$\operatorname{Cov} \, (A,B)\geq 0$ and $\operatorname{Cov}(B,C)\geq 0\Rightarrow \operatorname{Cov}(A,C)\geq 0$?

Question

Let's say we have three random variables $A$, $B$ and $C$. I know that $\DeclareMathOperator{cov}{Cov} \cov(A,B)\geq 0$ and $\cov(B,C)\geq 0$ .

Then is it true that $\cov(A,C)\geq 0$?

Answer 1

No, this is in general not true. Just consider any random variable $X \in L^2$, $X \neq 0$, $\mathbb{E}X=0$, and choose $$A := X \qquad B := 0 \qquad C := -X.$$ Then $$\text{cov} \, (A,B) = \text{cov} \, (B,C) =0,$$ but $$\text{cov} \, (A,C) = - \mathbb{E}(X^2)<0.$$

Remark: It is also possible to construct counterexamples if the inequalities are strict, i.e. $\text{cov} \, (A,B) >0$, $\text{cov} \, (B,C)>0$ does not imply $\text{cov} \, (A,C) \geq 0$.

Answer 2

Another counterexample:

Let $X$ and $Y$ be independent $N(0,1)$ random variables.
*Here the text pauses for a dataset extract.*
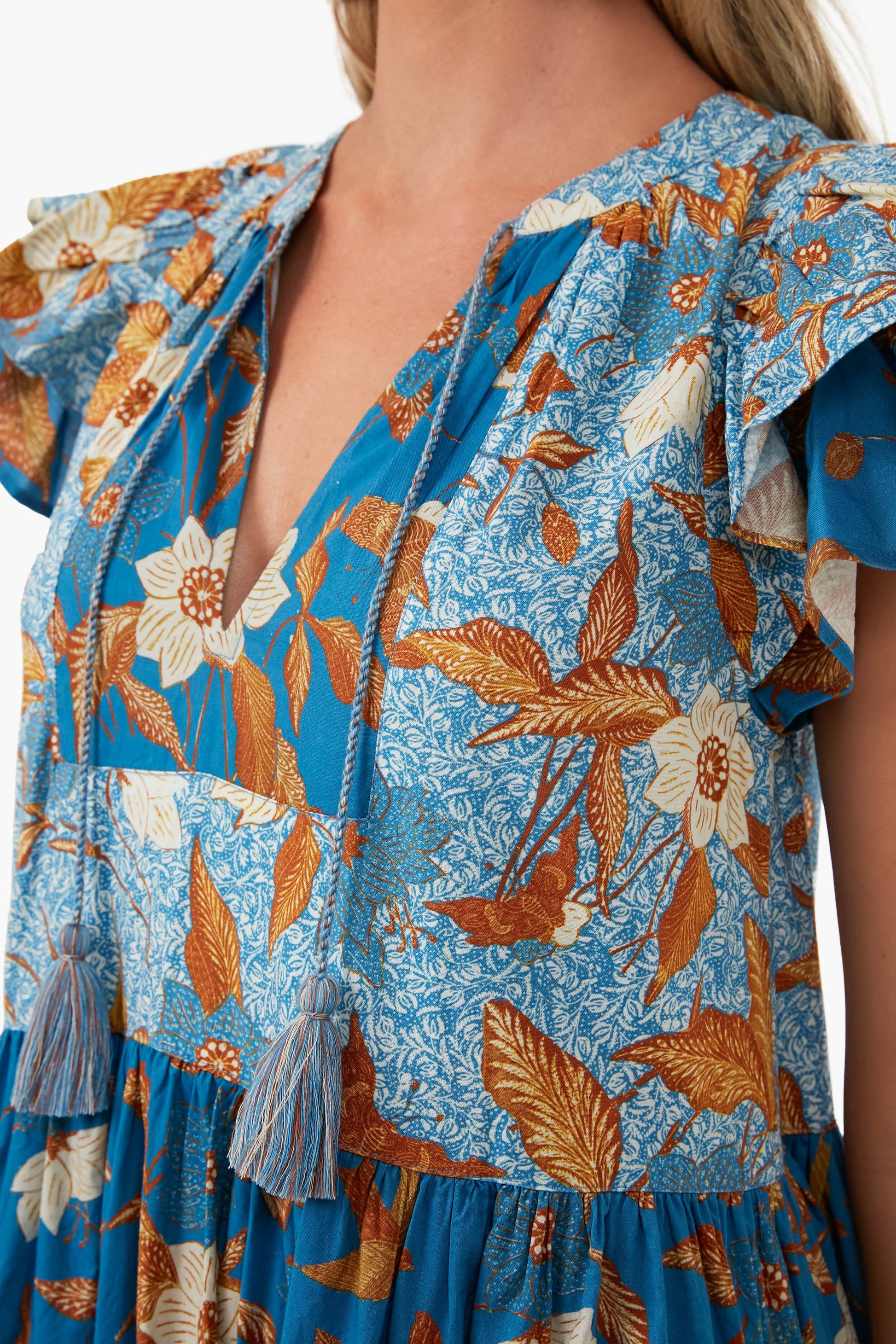 The Lapis Gail Dress is a signature Ulla Johnson A-line dress, made from medium-weight cotton patchwork fabric printed with blossoming hibiscus flowers. This below-the-knee style features a tiered bodice, double flutter sleeves, and a split neckline with tassels on each side. Pair with sandals and gold accessories for farmers’ market runs to dinner with the gals.

Define $V$ and $W$ as $V=X+Y$ and $W=Y-aX$ for some constant $a$ in $(0,1)$. Then it is readily verified that the correlation coefficients between $X$ and $V$ and between $V$ and $W$ are both positive (note that $\hbox{cov}(V, W)>0$ requires $0<a<1$), but the correlation coefficient between $X$ and $W$ is negative, showing that correlation need not be transitive.